##### DATA SECTION #####

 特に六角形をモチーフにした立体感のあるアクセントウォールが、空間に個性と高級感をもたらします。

#####
##### DATA SECTION #####

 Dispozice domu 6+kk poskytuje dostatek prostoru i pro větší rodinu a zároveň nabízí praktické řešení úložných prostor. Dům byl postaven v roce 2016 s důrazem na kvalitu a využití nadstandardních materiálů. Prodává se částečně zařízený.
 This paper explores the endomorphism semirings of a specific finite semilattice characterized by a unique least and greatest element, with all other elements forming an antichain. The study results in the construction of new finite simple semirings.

#####

WHAT NEEDS TO BE DONE
Once you find the line with "Dispozice domu 6+kk" above, print it and every line after it up to and including the line with "This paper explores", exactly as written and nothing else.

RESULT
 Dispozice domu 6+kk poskytuje dostatek prostoru i pro větší rodinu a zároveň nabízí praktické řešení úložných prostor. Dům byl postaven v roce 2016 s důrazem na kvalitu a využití nadstandardních materiálů. Prodává se částečně zařízený.
 This paper explores the endomorphism semirings of a specific finite semilattice characterized by a unique least and greatest element, with all other elements forming an antichain. The study results in the construction of new finite simple semirings.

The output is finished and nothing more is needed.